La Repubblica (P. Torri) – È una Roma ad interim. In società e in campo. Anche se il secondo successo consecutivo, soffertissimo, centrato contro il Venezia, a Ivan Juric e ai suoi discepoli ora può garantire quel pizzico di serenità in più che dovrà essere curativo per una squadra che continua a giocare con la paura al fianco e tra la contestazione di una tifoseria che non ha mai nascosto di tifare solo la maglia. Rimane il fatto dell’interim, perché traducendo dal latino con “aspettando che si trovi una soluzione”, la Roma continua a essere un esperimento di moduli, schemi, uomini, il tutto ancora più ingigantito quando Paulo Dybala è costretto a rimanere seduto in panchina (e pensare che lo volevano vendere).

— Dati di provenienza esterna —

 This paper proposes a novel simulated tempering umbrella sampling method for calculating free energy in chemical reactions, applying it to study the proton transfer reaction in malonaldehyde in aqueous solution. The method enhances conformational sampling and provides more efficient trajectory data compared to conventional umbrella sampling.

È come se i giallorossi fossero ancora all’inizio di agosto, a metà precampionato, alla ricerca di un’identità e una conoscenza reciproca (sono arrivati dodici giocatori nuovi) che continua a essere tutto un quiz. La conseguenza è una squadra lenta, compassata, confusa, piatta, mai in grado di accendere la fantasia della sua gente, tanto meno di offrire un orizzonte capace di garantire un sogno. Conseguenza pure di un mercato schizofrenico, ritardato, e dove non si è riusciti a mettere una pezza a carenze strutturali (gli esterni, in particolare sulla corsia destra) e numeriche (in attacco la Roma ha gli uomini contati). Juric ce lo ha detto in tutte le maniere che c’è da lavorare. Del resto è un concetto che vale pure per il Manchester City di Pep Guardiola, ma l’obiettivo deve essere quello di fare il più in fretta possibile. Siamo ormai ad ottobre e le squadre che sono avanti, dirette concorrenti per la qualificazione alla Champions, obiettivo dichiarato dalla società a inizio stagione, non continueranno ad aspettare una Roma che ha bisogno di concludere velocemente la sua convalescenza, conseguenza di un inizio di stagione oltre i confini di una crisi di nervi.

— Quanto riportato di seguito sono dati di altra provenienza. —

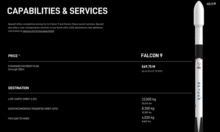 而真正令SpaceX声名大噪的则是猎鹰9号火箭。官方最新参数显示,在役的猎鹰9号运载火箭低地球轨道运力为22吨,可以将8.3吨的物资送往同步转移轨道。值得一提的是,猎鹰9号早在2015年12月就成功完成首次火箭回收,震惊世界。

L’interim, insomma, deve trovare una soluzione in tempi veloci. Così come, per passare al secondo interim in questione, quello societario. Dove all’assenza della proprietà che dopo il clamoroso esonero di Daniele De Rossi ha scelto di salutare per dedicarsi all’acquisto dell’Everton, si è aggiunta quella dimissionata del Ceo, la dottoressa Lina Souloukou, vuoto che è andato ad aggiungersi all’assenza di un direttore generale, un direttore tecnico, un direttore commerciale, un settore scouting, la fotografia di una società che è stata svuotata nei ruoli e nelle competenze. C’è bisogno che anche da questo punto di vista a Trigoria si faccia in fretta a colmare almeno in parte queste lacune.